Patients were eligible for the study and randomization if they fulfilled the following criteria: (1) successful PTCA of a de novo lesion; (2) evidence at 24-hour post-PTCA angiography of >0.3-mm loss in MLD and/or >10% increase in diameter stenosis (early loss); (3) lesions appropriate for coronary stenting (reference diameter >2.5 mm); (4) no contraindication for coronary stenting; and (5) signed written informed consent approved by the Human Study Committee of the Anchorena Hospital. The primary end point of the study was to compare the incidence of angiographic restenosis at follow-up angiography between patients treated with intracoronary stents (group 1) and those treated with medical therapy alone (group 2). Restenosis rate was determined by the binary restenosis classification (based on a 50% diameter stenosis criterion). In addition, a comparison of in-hospital major complications (death, acute myocardial infarction, and emergency coronary artery bypass graft surgery [CABG]), local vascular complications requiring blood transfusion or surgical repair, and incidence of major ischemic events at 6-month follow-up (death, acute myocardial infarction, and repeat revascularization procedure) was also undertaken. The study was monitored by a Safety and Data Monitoring Committee.
Coronary Angioplasty
All patients received aspirin,
dipyridamole, and a calcium
channel blocker starting at least 24 hours before PTCA. After arterial
access, systemic anticoagulation was achieved by administration of a
bolus dose of 10 000 IU heparin IV. In addition, patients received a
continuous infusion of intravenous nitroglycerin and heparin during
PTCA. Coronary angioplasty was performed by standard
techniques.15 The ratio of dilating balloon to reference
diameter used during PTCA was not greater than 1.1. Final angiographic
outcome after PTCA was obtained by single-view angiographic projection
of the dilated vessel recorded immediately after the last balloon
inflation. The immediate post-PTCA measurements were made within the
first 5 minutes after PTCA. Specifically, after the last balloon
inflation, the balloon and guide wire were removed, intracoronary
nitroglycerin was administered, and the final angiogram to assess the
results of the PTCA was performed (no later than 5 minutes after the
last balloon inflation). A successful outcome from PTCA was defined as
a >20% decrease in diameter stenosis and a residual diameter stenosis
<50% of the vessel lumen after PTCA, with no major complications
occurring during hospitalization.
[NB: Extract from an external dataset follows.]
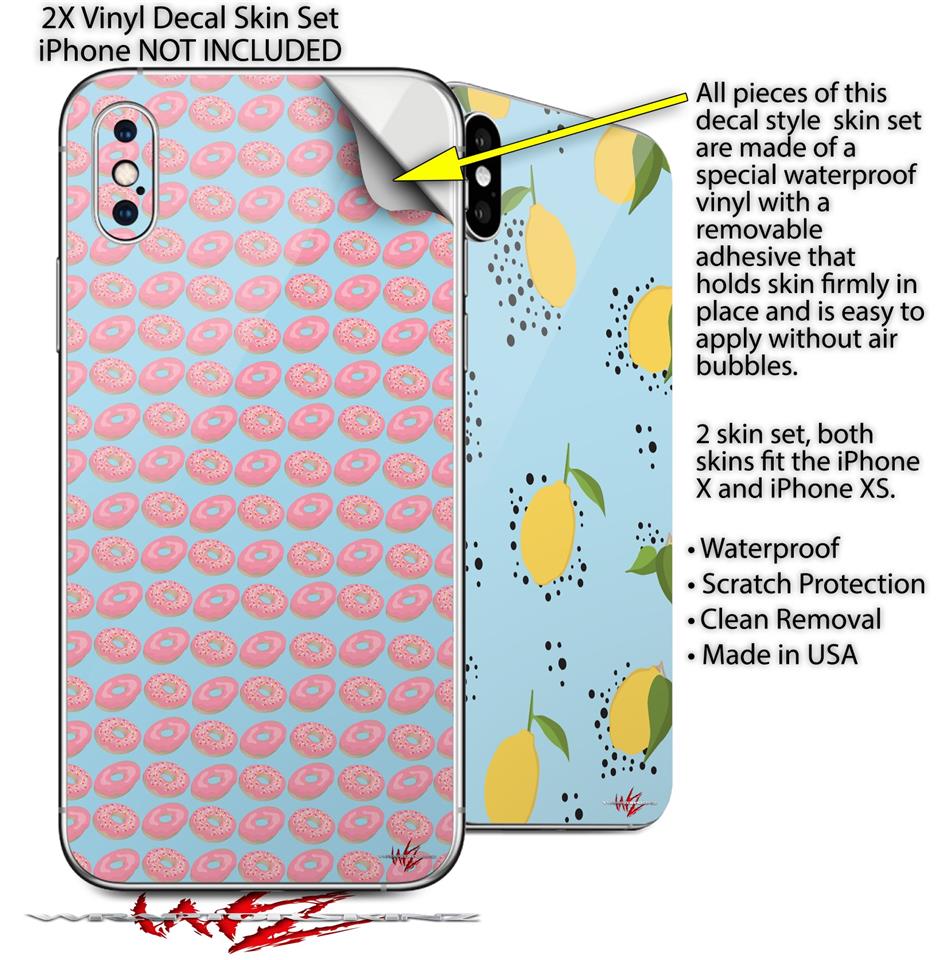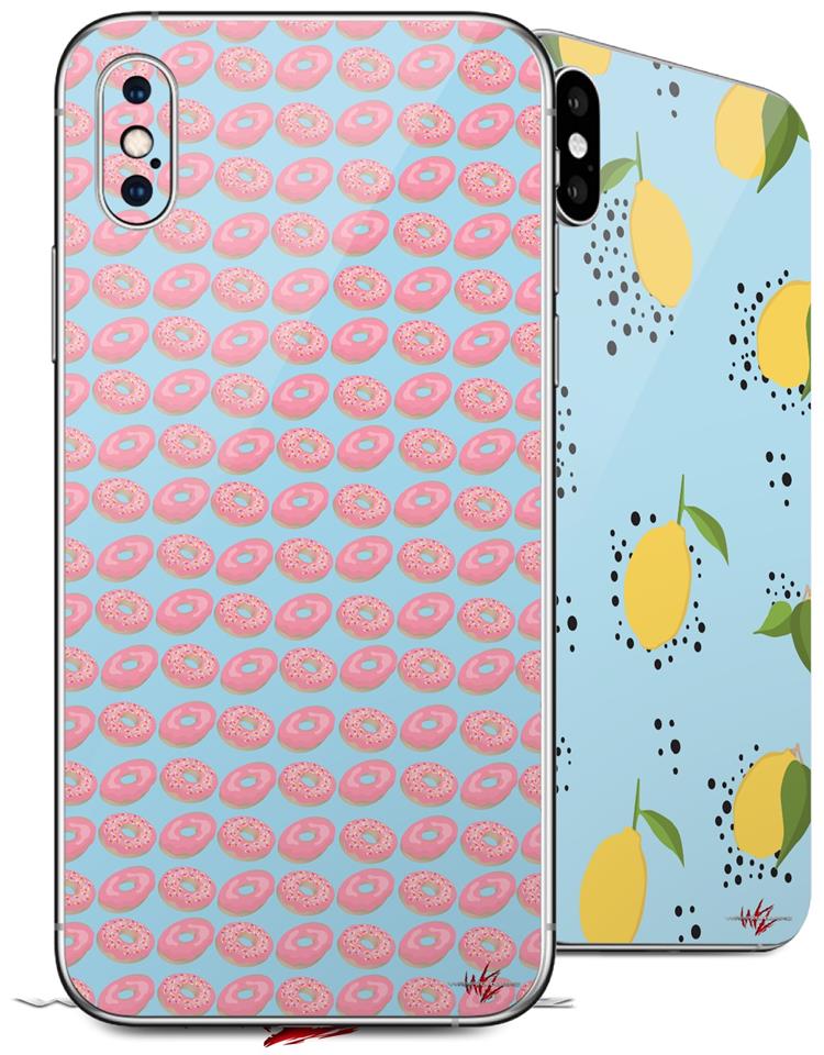 2 Decal style Skin Wraps set for Apple iPhone X and XS Donuts Blue

Medications after PTCA (up to the
24-hour repeat angiogram) consisted of a continuous infusion of
intravenous heparin to maintain a partial thromboplastin time between
60 and 80 seconds, intravenous nitroglycerin, aspirin, and a calcium
channel blocker.
Coronary Angiography and Measurement of Coronary Stenosis
Patients were examined angiographically before PTCA, immediately
and 24 hours after PTCA, immediately after stent placement (group 1),
and at 3.6±1-month follow-up after PTCA. Similar single-view
projections were used at each procedure. The percent degree of coronary
stenosis, reference diameter, and MLD were determined by on-line
digital quantitative coronary analysis (QCA) after the
intracoronary administration of 100 µg nitroglycerin using a
computerized program.11 On-line QCA was used because it
allowed immediate measurement of the artery without the need to develop
the film. This program uses operator-traced scan lines across the area
of maximal narrowing and in the reference area proximal to the stenosis
for automated edge detection. Arterial border outlines and lesion
contours are plotted automatically. Vessel diameter at the area
proximal to the stenosis and at the area of maximal obstruction was
determined by direct measurement of the distance in pixels from edge to
edge of each area of the vessel. Absolute reference diameter and MLD in
millimeters were determined with the guiding catheter filled with
contrast for calibration. For each lesion, the single view showing the
most severe degree of stenosis was used for analysis. When the
segment of the artery proximal to the stenosis was abnormal, the
segment of the vessel distal to the obstruction was used as reference
luminal diameter. Absolute dimensions were measured with an accuracy of
0.08 mm and a highly reproducible intraobserver variability
(r=.90). To minimize the foreshortening effect, the view
most perpendicular to the artery was used. Only
end-diastolic frames were analyzed. The distance between
the patient and the radiography system was the same in the initial and
each of the following studies. The lesion was considered to have
restenosed when the diameter stenosis at follow-up was
50%.
Stent Placement
At angiography 24 hours after PTCA, the 33
patients randomized
to group 1 received a flexible Gianturco-Roubin intracoronary
stent.16 17 Immediately after randomization, patients
in
group 1 were placed on an infusion of dextran 40 at 100 mL/h started 1
hour before stenting. A bolus of 10 000 IU heparin IV was administered
before stent placement. If needed, additional heparin was administered
to maintain an activated clotting time >300 seconds. A continuous
infusion of intravenous nitroglycerin was started. Both groups of
patients continued to receive aspirin, dipyridamole, and calcium
channel blockers indefinitely. A coronary stent slightly larger than
the reference diameter of the vessel to be stented (ratio of 1.1:1,
stent to reference diameter) was used. Stents were deployed at the
lower pressure that completely expanded the stent (not greater than 6
atm). Arterial and venous sheaths were removed, with the patient on
dextran 40 infusion, the day after the procedure when the activated
clotting time was
180 seconds. Intravenous heparin was restarted 2
hours after sheath removal and maintained until a therapeutic
prothrombin time of 16 to 18 seconds was achieved by administration of
oral warfarin. Patients in group 1 received warfarin for 6 weeks.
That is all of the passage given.